=== Records for the task ===
= Beginning of Section =
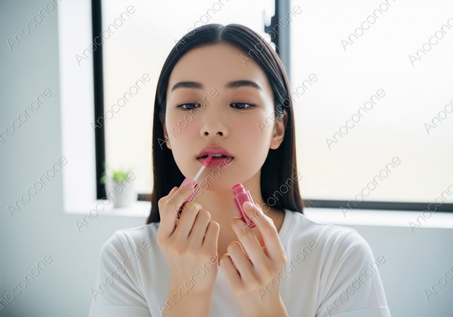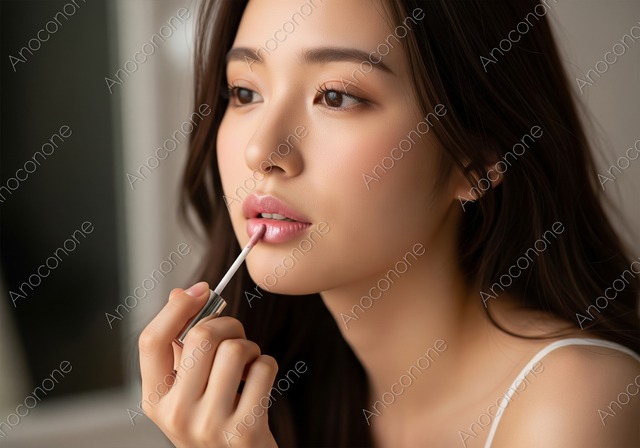 透明感のある肌を持つ女性が、白いトップスを着用し、丁寧にピンクの口紅を塗っているクローズアップポートレートです。鏡を見つめるかのような視線を落とし、唇に色を乗せる真剣な表情が、日々のビューティールーティンと自己磨きの時間を表現しています。コスメ、美容、リップメイク、セルフケアといったテーマの広告やウェブコンテンツに最適な一枚です。 この画像はAIによって生成された後、品質を向上させるためにレタッチされています。 画像サイズ:2560 x 1792 px 画像ファイル形式:JPEG ※ご購入前に「ABOUT」から詳細をご確認ください。
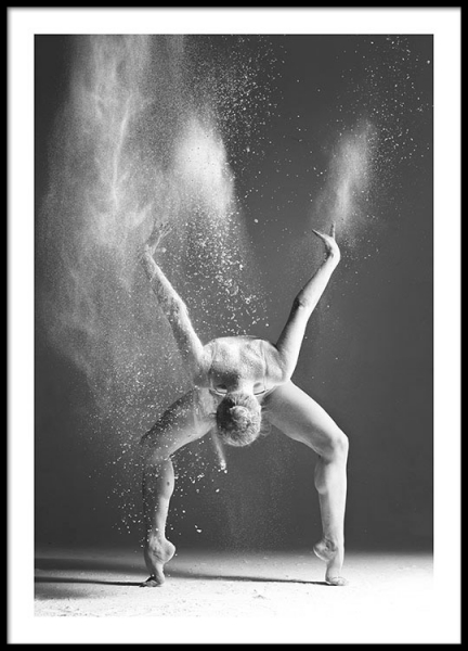 Handpicked Plakat med svarthvitt foto av danser fanget i flott bevegelser. Et veldig fint og effektfult bilde som gjør seg godt på veggen i hvilket som helst rom. Se gjerne på våre andre plakater i kategorien Fotokunst. Mange av motivene er fine å blande sammen. Plakaten har en «innebygd» passepartout som gir en fin innramming av motivet.
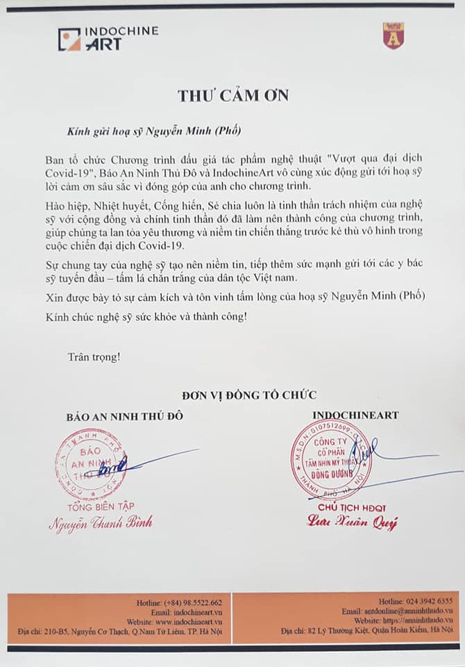 Chưa hết, sau 6 phiên đấu giá, Ban Tổ chức đã in Thư cảm ơn và Giấy Chứng nhận bản quyền tác phẩm một cách đầy trân trọng gửi tới các họa sĩ và nhà sưu tầm đã nhiệt tâm tham gia chương trình. Họa sĩ Nguyễn Minh đã phải thốt lên, “Tôi từng tham gia nhiều phiên đấu giá nghệ thuật, ủng hộ có, đấu giá thông thường có nhưng lần này, còn nhận được Thư cảm ơn có chữ ký của lãnh đạo 2 đơn vị đồng chức. Cảm ơn BTC đã làm việc chuyên nghiệp và chu đáo”.
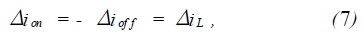 Δion為導(dǎo)通狀態(tài)紋波電流;ton為導(dǎo)通時(shí)間;Δioff為關(guān)斷狀態(tài)紋波電流;toff為關(guān)斷時(shí)間。
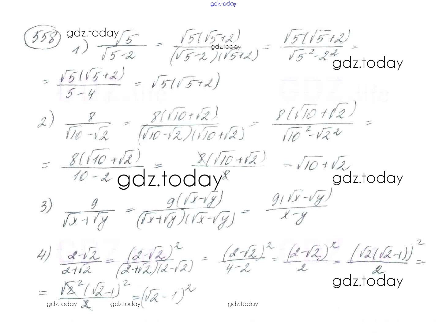 На страницах сайта gdz.today вы найдете учебный и вспомогательный материал, направленный на улучшения знаний школьной программы. ГДЗ - онлайн мир знаний §17. Тождественные преобразования выражений, содержащих арифметические квадратные корни Решение к главе 2. Квадратные корни. Действительные числа 558 Учебнику по Алгебре для 8 класса Мерзляк, Полонский Вентана-граф Алгоритм успеха 2016
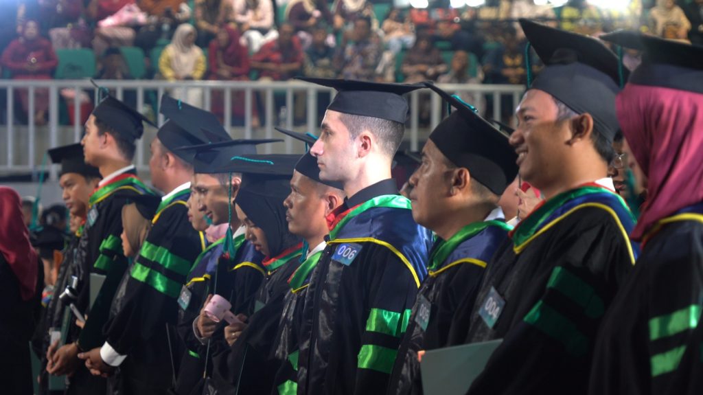 Jakarta, Humas UNJ – Universitas Negeri Jakarta (UNJ) kembali menorehkan catatan sejarah dengan meluluskan mahasiswa asing pertama yang memperoleh skema beasiswa penuh bagi warga Palestina. Mahmoud Ghassan Abdallah Alagha, mahasiswa Program Studi Magister Pendidikan Bahasa Arab, Fakultas Bahasa dan Seni (FBS) UNJ, resmi diwisuda pada Senin, 13 April 2026 pada Wisuda UNJ Tahun Akademik 2025/2026 Sesi I di GOR UNJ.
= End of Section =
=== Aim of the task ===
From the first line above to the line containing "На страницах сайта", repeat each line exactly. Pictures stay out.

=== Solved exercise ===
 透明感のある肌を持つ女性が、白いトップスを着用し、丁寧にピンクの口紅を塗っているクローズアップポートレートです。鏡を見つめるかのような視線を落とし、唇に色を乗せる真剣な表情が、日々のビューティールーティンと自己磨きの時間を表現しています。コスメ、美容、リップメイク、セルフケアといったテーマの広告やウェブコンテンツに最適な一枚です。 この画像はAIによって生成された後、品質を向上させるためにレタッチされています。 画像サイズ:2560 x 1792 px 画像ファイル形式:JPEG ※ご購入前に「ABOUT」から詳細をご確認ください。
 Handpicked Plakat med svarthvitt foto av danser fanget i flott bevegelser. Et veldig fint og effektfult bilde som gjør seg godt på veggen i hvilket som helst rom. Se gjerne på våre andre plakater i kategorien Fotokunst. Mange av motivene er fine å blande sammen. Plakaten har en «innebygd» passepartout som gir en fin innramming av motivet.
 Chưa hết, sau 6 phiên đấu giá, Ban Tổ chức đã in Thư cảm ơn và Giấy Chứng nhận bản quyền tác phẩm một cách đầy trân trọng gửi tới các họa sĩ và nhà sưu tầm đã nhiệt tâm tham gia chương trình. Họa sĩ Nguyễn Minh đã phải thốt lên, “Tôi từng tham gia nhiều phiên đấu giá nghệ thuật, ủng hộ có, đấu giá thông thường có nhưng lần này, còn nhận được Thư cảm ơn có chữ ký của lãnh đạo 2 đơn vị đồng chức. Cảm ơn BTC đã làm việc chuyên nghiệp và chu đáo”.
 Δion為導(dǎo)通狀態(tài)紋波電流;ton為導(dǎo)通時(shí)間;Δioff為關(guān)斷狀態(tài)紋波電流;toff為關(guān)斷時(shí)間。
 На страницах сайта gdz.today вы найдете учебный и вспомогательный материал, направленный на улучшения знаний школьной программы. ГДЗ - онлайн мир знаний §17. Тождественные преобразования выражений, содержащих арифметические квадратные корни Решение к главе 2. Квадратные корни. Действительные числа 558 Учебнику по Алгебре для 8 класса Мерзляк, Полонский Вентана-граф Алгоритм успеха 2016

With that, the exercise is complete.